Along with eczema, rosacea and perioral dermatitis are two other conditions that may flare up while wearing a mask this fall.

"I think they are very similar, Dr. Shamban shares. "I've seen people get these like tiny little bumps around their nose or around their mouth, and it's not really acne, it's more inflammatory."

If you experience these bumps, Dr. Shamban recommends seeing a dermatologist to get a topical prescription such as azelaic acid. The Ordinary's Azelaic Acid Suspension 10% is an over-the-counter option with a milder concentration.

VIDEO: Can COVID-19 Live on Your Beauty Products?

Rashes Around the Mouth Are Also Possible

You know when you wake up from a really deep sleep and have remnants of drool around your mouth? That gross (but totally normal) process has a medical name: perleche.
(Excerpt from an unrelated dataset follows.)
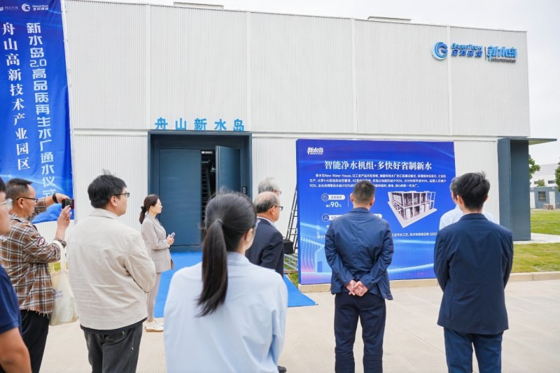 通水儀式結(jié)束后,與會人員共同實(shí)地考察了新水島 2.0 水廠。該項目占地面積僅 300 平方米,采用金科環(huán)境自主研發(fā)的 “新水島 2.0” 工程模塊化產(chǎn)品與 “水蘿卜 AI 智能體” 運(yùn)營管理平臺,以污水處理廠出水為水源,通過 “超濾 + 反滲透” 先進(jìn)處理工藝,使供水水質(zhì)遠(yuǎn)超《城市污水再生利用 — 工業(yè)用水水質(zhì)》標(biāo)準(zhǔn),完全滿足國內(nèi)外光伏企業(yè)高標(biāo)準(zhǔn)生產(chǎn)用水需求。項目總設(shè)計產(chǎn)水規(guī)模達(dá) 2 萬噸 / 天,其中一期產(chǎn)水規(guī)模 5000 噸 / 天,服務(wù)范圍覆蓋舟山高新區(qū)內(nèi)新能源、化工等重點(diǎn)工業(yè)企業(yè),目前一期產(chǎn)出的再生水已主要供應(yīng)園區(qū)內(nèi)光伏企業(yè),為當(dāng)?shù)匦履茉串a(chǎn)業(yè)發(fā)展注入了綠色動力。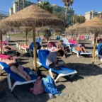 After the caves, we went to Nerja beach. For lunch, we had a typical menu with a first, second, and third course. It included paella, salad, spaghetti, hake, chicken, and gazpacho. For dessert, it was either brownie or chocolate cake. Then we walked down to the beach. The water at Nerja Beach was very clear, and the landscape was beautiful. The water wasn’t as cold as the beach in Barcelona though.

Dr. Shamban says it's possible to experience perleche when wearing a face mask, too.

"The saliva collects in the corners of the mouth and you get a rash," she explains. "So, the mask it creates a more humid environment because you're breathing in and out while wearing a well-fitting mask."

To avoid perleche, along with the other aforementioned potential mask side effects, sticking to a gentle, but effective skincare routine is crucial.

"In terms of prevention, I think you have to really pay attention to your skincare because you really can't get sloppy with a mask," Dr. Shamban says.

Aside from gentle cleansing and exfoliation, a solid, non-comedogenic moisturizer containing barrier-reinforcing ceramides is key. Skinmedica's TNS Ceramide Treatment Cream is a great option.